■ What you are asked to do
Only the lines below from the one that contains "Lampada in sospensione" through the one that contains "Kit 02 Banquetas" should appear in your answer, exact and without pictures.

───── Data ─────

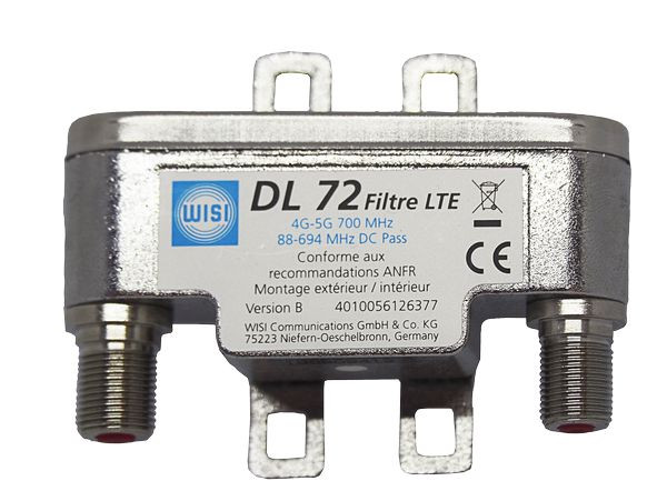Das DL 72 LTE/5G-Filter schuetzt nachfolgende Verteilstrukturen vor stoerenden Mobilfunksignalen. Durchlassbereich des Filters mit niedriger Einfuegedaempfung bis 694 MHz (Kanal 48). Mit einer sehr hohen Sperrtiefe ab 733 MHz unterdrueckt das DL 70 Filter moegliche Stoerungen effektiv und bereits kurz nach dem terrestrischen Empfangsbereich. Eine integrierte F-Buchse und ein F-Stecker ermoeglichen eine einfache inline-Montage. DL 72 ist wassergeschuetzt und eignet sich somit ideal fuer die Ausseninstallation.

─────
───── Data ─────

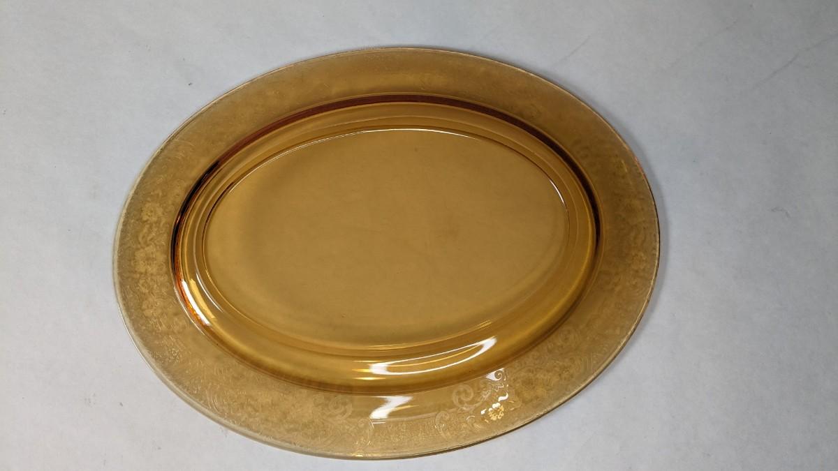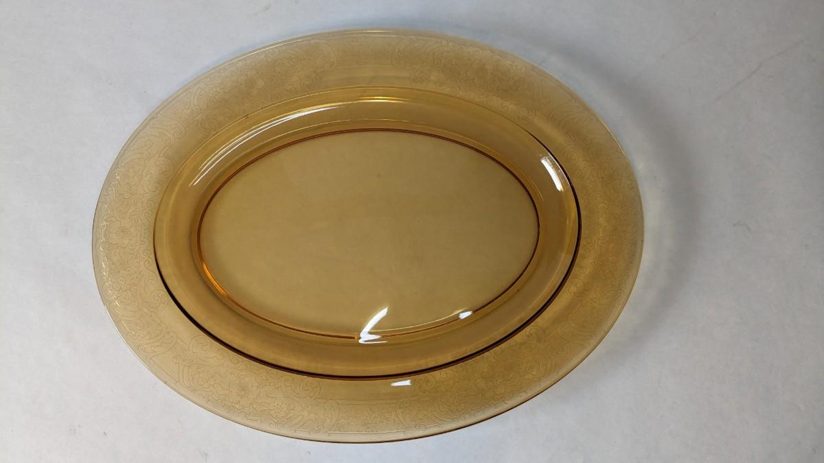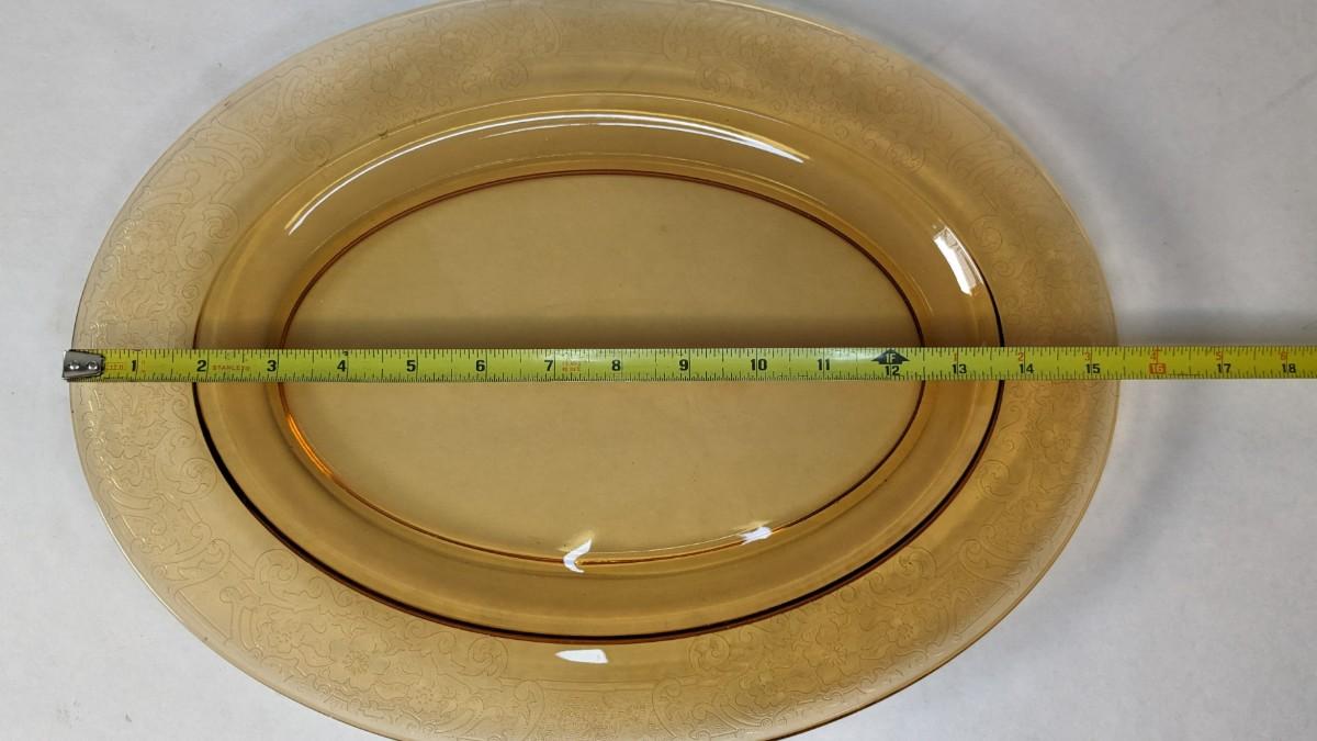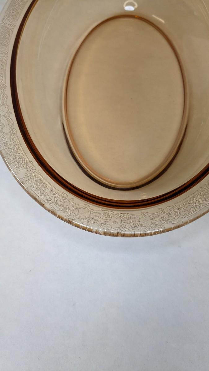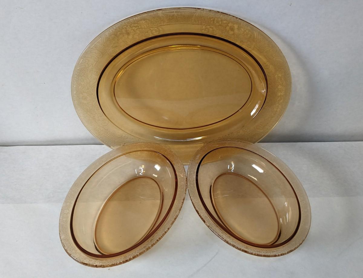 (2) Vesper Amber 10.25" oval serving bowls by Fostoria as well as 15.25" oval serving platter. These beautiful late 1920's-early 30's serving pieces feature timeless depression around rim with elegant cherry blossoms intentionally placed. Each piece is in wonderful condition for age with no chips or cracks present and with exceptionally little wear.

─────
───── Data ─────

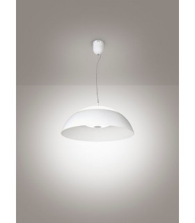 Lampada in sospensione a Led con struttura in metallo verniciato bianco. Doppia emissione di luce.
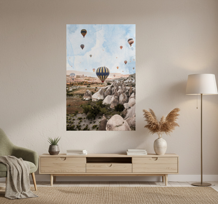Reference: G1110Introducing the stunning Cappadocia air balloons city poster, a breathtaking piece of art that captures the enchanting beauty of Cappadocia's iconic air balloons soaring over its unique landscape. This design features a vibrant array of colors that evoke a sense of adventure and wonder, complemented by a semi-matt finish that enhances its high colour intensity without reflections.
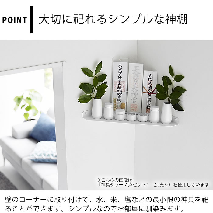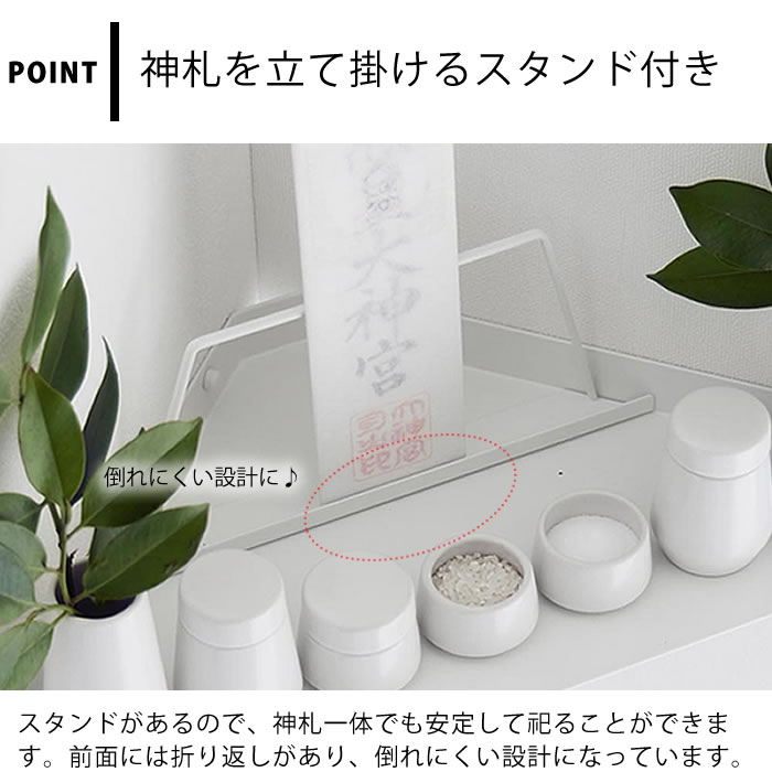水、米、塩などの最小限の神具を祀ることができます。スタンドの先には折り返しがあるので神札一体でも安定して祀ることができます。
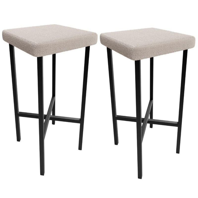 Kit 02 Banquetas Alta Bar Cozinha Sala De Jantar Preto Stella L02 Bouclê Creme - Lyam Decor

─────

■ Solution to this problem
 Lampada in sospensione a Led con struttura in metallo verniciato bianco. Doppia emissione di luce.
Reference: G1110Introducing the stunning Cappadocia air balloons city poster, a breathtaking piece of art that captures the enchanting beauty of Cappadocia's iconic air balloons soaring over its unique landscape. This design features a vibrant array of colors that evoke a sense of adventure and wonder, complemented by a semi-matt finish that enhances its high colour intensity without reflections.
水、米、塩などの最小限の神具を祀ることができます。スタンドの先には折り返しがあるので神札一体でも安定して祀ることができます。
 Kit 02 Banquetas Alta Bar Cozinha Sala De Jantar Preto Stella L02 Bouclê Creme - Lyam Decor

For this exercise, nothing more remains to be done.